Moses and the people begin to find their identity when they “set out” into the wilderness. They slowly discover – and must never forget – that pilgrims is what they are. But the human desire to “arrive” and “settle down” remains. Restlessness therefore becomes a sign of fidelity. Doubt too. Surrender and letting go will be never-ending tasks. The felt need for control will always gnaw at their hearts.
There are no maps of the wilderness. If you go there, you are absolutely dependent on the one who knows the way. To respond to God’s invitation is to agree to live in uncharted places. Sometimes to go where you would rather not go – see John 21:18-19. However, in the ways of God, even the wilderness can be abundantly fruitful. It is in the wilderness the Covenant is forged. The wilderness is the place of possibility. The ‘I AM” is possibility – the possibility that meets the deepest yearnings of the human heart.
Emily Dickinson’s poem, “I dwell in Possibility”, offers a helpful image. She reflects on the possibilities of poetry in contrast to the limits of rational analysis and mere prose. In poetry, she says, there is “The spreading wide my narrow Hands/ To gather Paradise”. Poetry speaks the unspeakable. It conjures what we desire but do not yet know it. In this way, poetry can realign our lives. It meets the heart’s desire to know. “The heart has its reasons, of which reason knows nothing; we feel it in many things” (Blaise Pascal, Pensees, J.M.Dent & Sons, 59). And St Paul reminds us: “What no eye has seen, nor ear heard, nor the human heart conceived, what God has prepared for those who love him” (1 Corinthians 2:9).
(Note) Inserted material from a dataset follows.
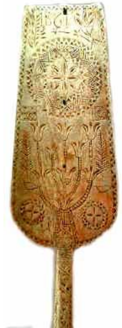
Verpstė. Rytų Lietuva. 1861 m.

Tarp pagrindinių komponuojami smulkūs geometriniai, stilizuotos augalijos, rečiau gyvūnijos motyvai, įrėžiami verpsčių padirbimo metalai. Motyvus harmoningai sujungia, įrėmina kriputės, dantukai, kurie dažniausiai puošia ir verpstės kotą.

St Gregory of Nyssa (335-395) tells us that God “created human beings in order to make them share in his own fulness” (Olivier Clément, The Roots of Christian Mysticism, New York, NY: New City Press, 1995, 81). The Incarnation is about the impossible becoming possible. If it were not for God’s being-in-the-flesh, we could not “share in his own fulness”. The possibility of the I AM is what we want. It’s the only possibility capable of satisfying the yearnings of the human heart.